March borrows nine days of April. ~Folk-Lore from Maryland, collected by Annie Weston Whitney and Caroline Canfield Bullock, 1925

April mixes silver rain
And golden sun to suds
To wash the scarlet petticoats
Of the little maple buds.
~Frances Frost, "Spring Families," The Little Whistler, 1949

April dress'd in all his trim
Hath put a spirit of youth in every thing...
~William Shakespeare

Our spring has come at last with the soft laughter of April suns and shadow of April showers. ~Byron Caldwell Smith (1849–1877), letter to Kate Stephens (1853–1938)

When well-apparell'd April on the heel
Of limping winter treads...
~William Shakespeare, Romeo and Juliet, c.1594  [I, 2, Capulet]

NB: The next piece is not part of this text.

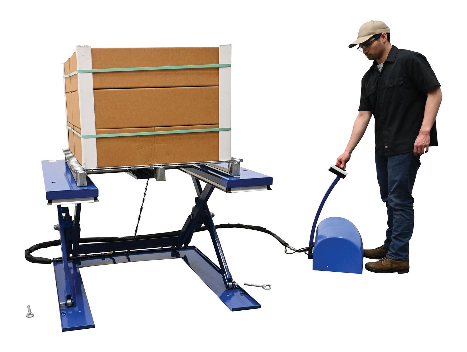 The low profile electric lift tables are ideal for manufacturing and distribution facilities. The unique, steel constructed "E" design provides a center support beam to prevent the lifted product from deflecting downward in the center. Numerous protective features include electric toe guards, velocity cylinders, and emergency stop buttons, providing personnel with the utmost safety. An external power pack is equipped with a pressure relief valve which prevents overloading while controlling lowering speed. To raise and lower the unit, simply utilize the "up and down" push button design on the 24V control box for precise ergonomic positioning of product.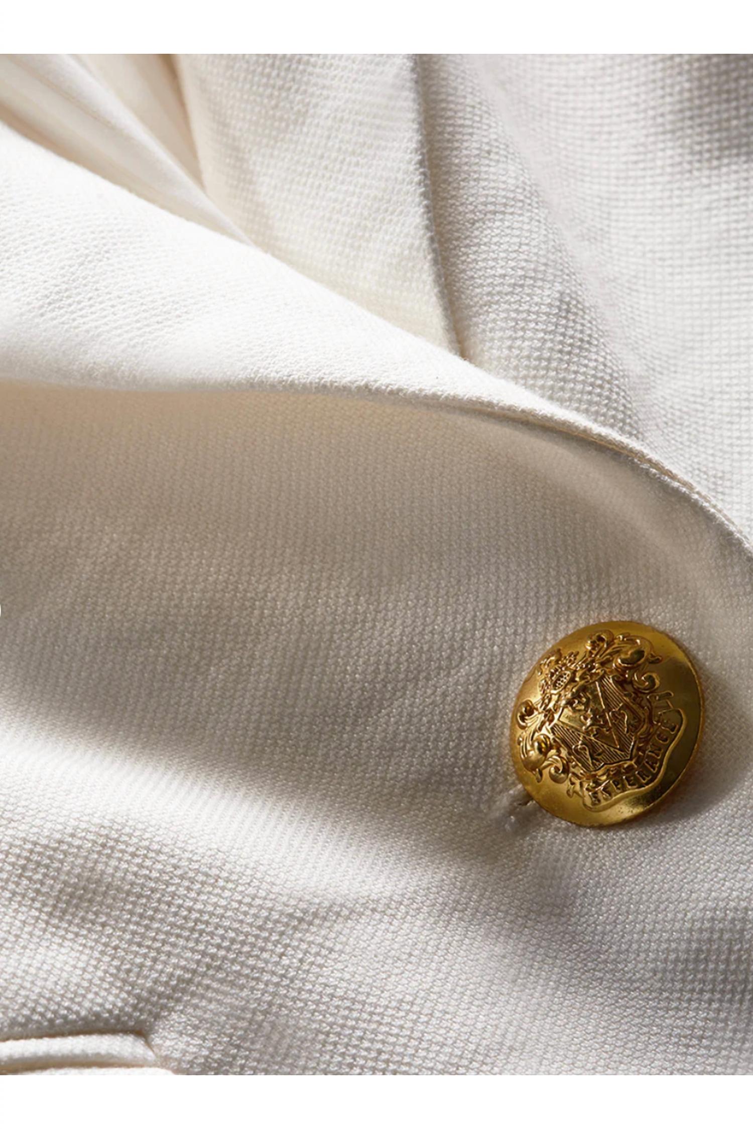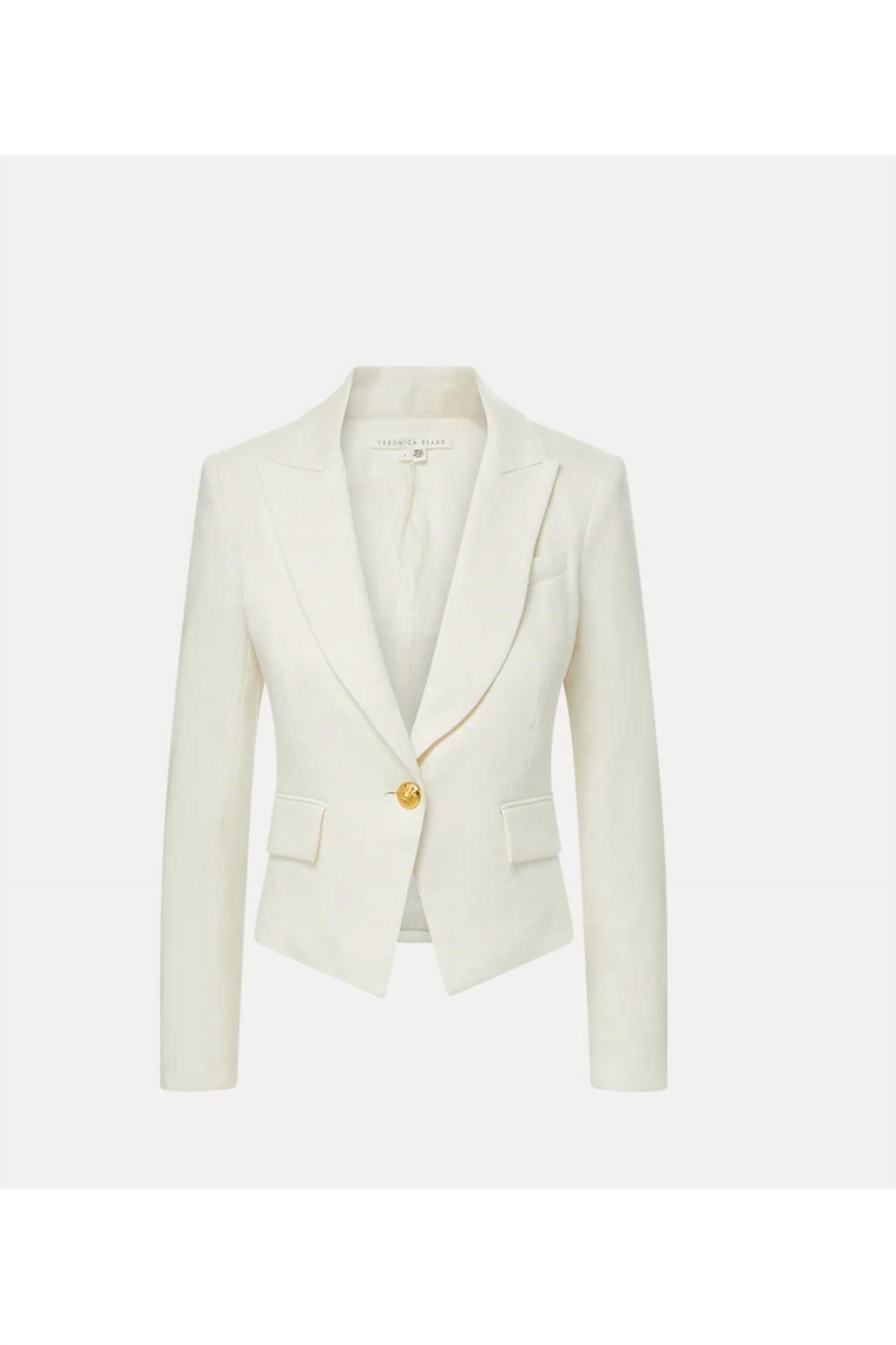 A blazer so versatile you can wear it to the office or pair it with jeans for a more casual look. Introducing the Hosanna Dickey Jacket by Veronica Beard, a timeless piece reimagined in a chic white linen blend. This classic jacket features long sleeves, a crisp notched lapel, and single-breasted button closure, offering a flattering silhouette with tailored seaming at the waist. Made in the USA with a composition of 58% linen, 27% polyester, 14% viscose, and 1% elastane, it ensures a comfortable and stylish fit. Elevate your wardrobe with this versatile jacket, perfect for everything from dinner parties to Thanksgiving gatherings. Care: Professional dry clean only.

There are no days in the whole round year more delicious than those which often come to us in the latter half of April... The sun trembles in his own soft rays... The grass in the meadow seems all to have grown green since yesterday... though there is warmth enough for a sense of luxury, there is coolness enough for exertion. ~Thomas Wentworth Higginson, "April Days," 1861

April... is the miracle month. ~Charles Lee, "Aprille," An Almanac of Reading, 1940

April has searched the winter land
And found her petted flowers again;
She kissed them to unfold her leaves,
She coaxed them with her sun and rain,
And filled the grass with green content,
And made the woods and clover vain.
~Hannah R. Hudson, "April," The Atlantic Monthly, April 1868

Her fairies climb the bare, brown trees,
And set green caps on every stalk;
Her primroses peep bashfully
From borders of the garden walk,
And in the reddened maple tops
Her blackbird gossips sit and talk.
~Hannah R. Hudson, "April," The Atlantic Monthly, April 1868

And when she sees the deeper suns
That usher in the happy May,
She sighs to think her time is past,
And weeps because she cannot stay;
So leaves her tears upon the grass,
And turns her face and glides away.
~Hannah R. Hudson, "April," The Atlantic Monthly, April 1868

The warm, moist kiss of April on the grass... ~Philip Henry Savage (1868–1899)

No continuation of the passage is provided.